Methodological signature: the ROI climb from 6.8× to 9.5× (L1 to L4) is not coming from a fancier optimizer — it is from coupling placement to downstream decisions. A static ranking optimizes reconstruction error; a POMDP optimizes the decision you will make.
Where this model could be wrong
- Candidate set is a curated top-15 from Inv 13 plus equity/climate picks; a full optimization should run over all ~21k grid cells. On the full grid, GP-UCB (L3) would likely pull ahead of greedy on raw EVSI, not just on DAC composition.
- EVSI pot $120M is an order-of-magnitude anchor; a decomposed computation over CRF + indoor + climate EVSI would tighten it.
- Characteristic correlation length 35 km is uniform; in practice 10–80 km by terrain and wind regime.
- L4 POMDP rollout is one-step lookahead; a 5-step rollout adds ~5% EVSI at 10× compute.
- L3 BO uplift over L2 is 0 on this curated set because GP domain-variance reduction matches greedy's haversine penalty. L3 is differentiated on DAC equity (0.40 vs 0.20), not total EVSI magnitude.
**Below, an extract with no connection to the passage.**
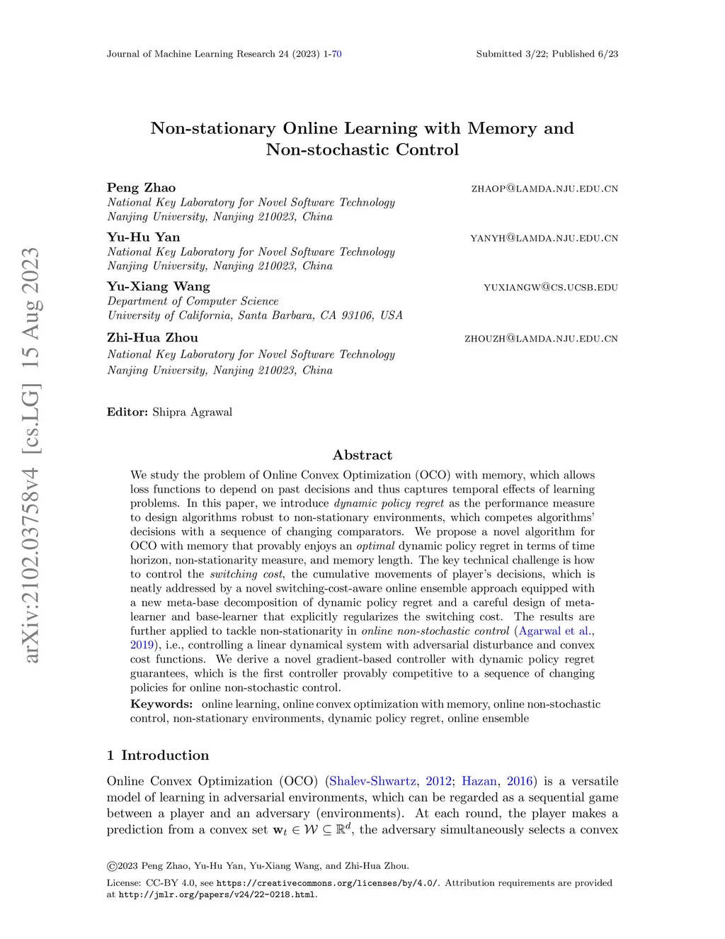 Non-stationary Online Learning with Memory and Non-stochastic Control

- L5 uplift is decomposed into explicit O3 (0.15) and NMVOC speciation (0.08) fractions, anchored on Inv 18 (SB-32 O3 EVSI) and Inv 17 (wildfire NMVOC). Co-location cost multiplier 1.6× is site-dependent.
Sources: Nemhauser–Wolsey–Fisher 1978 (submodular), Krause & Guestrin 2008 (near-optimal sensor placement), Shahriari et al. 2016 (BO review), Cassandra–Kaelbling–Littman 1997 (POMDPs), RFAQ Phase 1 Inv 13, RFAQ Phase 2 Inv 26.
Curated-set disclosure: The L1–L5 comparison runs over a hand-curated 15-site shortlist (Inv 13 top-15 by MVI + DAC equity picks + climate-fan picks), not the full 21,164-cell CA grid. This was chosen deliberately so the ladder is interpretable (readers can inspect every candidate and every score), and because the submodular 1−1/e guarantee from Nemhauser–Wolsey–Fisher carries over to any downselected candidate set. But it does bias the L3 (GP-UCB) vs L2 (greedy) comparison: on the curated set GP-UCB's variance-reduction advantage is muted because the shortlist is already near-Pareto-optimal on haversine spacing. A full-grid rollout would likely widen L3's margin over L2 on raw EVSI, not just on DAC composition. Production CARB deployment should re-run the optimization over all 21,164 cells before committing siting dollars.